Open BIDS and start a new project, rename the package Google.dtsx. and add a Data Flow Task. 

image

Add the following variables to your package:

strUserName

Your Google account user name

strPassword

Your Google account password

strKey

The spreadsheet key

image 

Inside the Data Flow Task add a script component, choose Source as the component type.

image

Inside the script component we are going to setup the columns that are going to be output.  Go to the Inputs and Outputs tab, Select the Output node in the treeview control and click Add Column.

image 

Add the following columns to the output:

Field

DataType

TimeStamp

DT_DBTIMESTAMP

FirstName

DT_STR(50)

LastName

DT_STR(50)

Age

DT_14

Now you can go back to the Script tab Change the Script Language to Microsoft Visual Basic 2008, On the ReadOnlyVariables property select the variable that we just setup.

image 

Your script component should now look something like this:

image

With all this in place we are now ready to edit the script component.  Click Edit Script, and paste the following code:

Imports System 
Imports System.Data

Imports System.Math

Imports Microsoft.SqlServer.Dts.Pipeline.Wrapper

Imports Microsoft.SqlServer.Dts.Runtime.Wrapper
Imports Google.GData.Client

Imports Google.GData.Extensions

Imports Google.GData.Spreadsheets

<Microsoft.SqlServer.Dts.Pipeline.SSISScriptComponentEntryPointAttribute> _

<CLSCompliant(False)> _

Public Class ScriptMain

    Inherits UserComponent

   
Dim objListFeed As ListFeed

   
Public Overrides Sub PreExecute()

       
MyBase.PreExecute()


       
Dim objService As SpreadsheetsService
       
Dim objWorkSheetQuery As WorksheetQuery

       
Dim objWorkSheetFeed As WorksheetFeed
       
Dim objWorkSheet As WorksheetEntry

       
Dim objListFeedLink As AtomLink
       
Dim objListQuery As ListQuery

       
Dim bt(0) As Byte

       
'Create a connection to the google account

       
objService = New SpreadsheetsService("exampleCo-exampleApp-1")

       
Me.Log(Variables.strPassword, 0, bt)

       
Me.Log(Variables.strUserName, 0, bt)

       
objService.setUserCredentials(Variables.strUserName, Variables.strPassword)

       
Me.Log("Service: " + Variables.strUserName, 0, bt)


       
'Connect to a specific spreadsheet

       
objWorkSheetQuery = New WorksheetQuery(Variables.strKey, "private", "full")

       
objWorkSheetFeed = objService.Query(objWorkSheetQuery)

       
objWorkSheet = objWorkSheetFeed.Entries(0)

       
Me.Log("Spreadsheet: " + objWorkSheet.Title.Text.ToString, 0, bt)

       
'Get a list feed of all the rows in the spreadsheet

       
objListFeedLink = objWorkSheet.Links.FindService(GDataSpreadsheetsNameTable.ListRel, Nothing)

       
objListQuery = New ListQuery(objListFeedLink.HRef.ToString())     objListFeed = objService.Query(objListQuery)

       
Me.Log("ListFeed: " + objListFeed.Feed.ToString, 0, bt)

   
End Sub

    Public
Overrides Sub PostExecute()

       
MyBase.PostExecute() 

   
End Sub


    Public
Overrides Sub CreateNewOutputRows() 

       
Dim objRow As ListEntry

       
For Each objRow In objListFeed.Entries

           
With Output0Buffer

                .AddRow
()

               
.TimeStamp = objRow.Elements.Item(0).Value

                .FirstName
= objRow.Elements.Item(1).Value

                .LastName
= objRow.Elements.Item(2).Value

                .Age
= objRow.Elements.Item(3).Value

           
End With

        Next


       
Output0Buffer.EndOfRowset()

   
End Sub

End
Class


Code Exaplined:



The mainstay of the work is done in the PreExecute method.
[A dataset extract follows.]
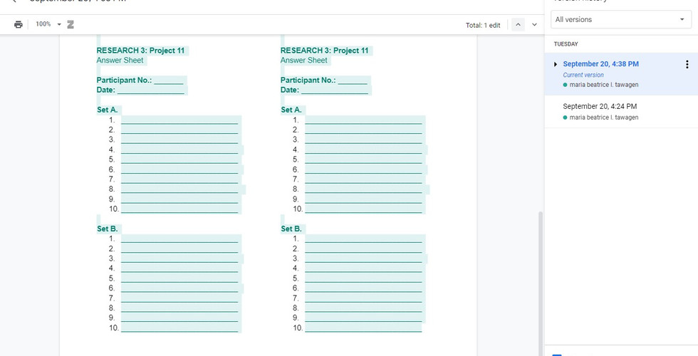Preparation of Answer SheetsEdryll CorpuzOct 11, 20221 min readProof of the making of the answer sheet in google docs to let other members to verify the work.

First I created a service object that uses the username and password to connect to a Google account.



Then we connect to a specific spreadsheet, using the spreadsheet key



Once connected to the spreadsheet, we create a list feed of all the rows in the spreadsheet.



The list feed then gets used in the CreateNewOutPutRows method, we iterate across all the rows in the feed and pass each row out as a new buffer from the component.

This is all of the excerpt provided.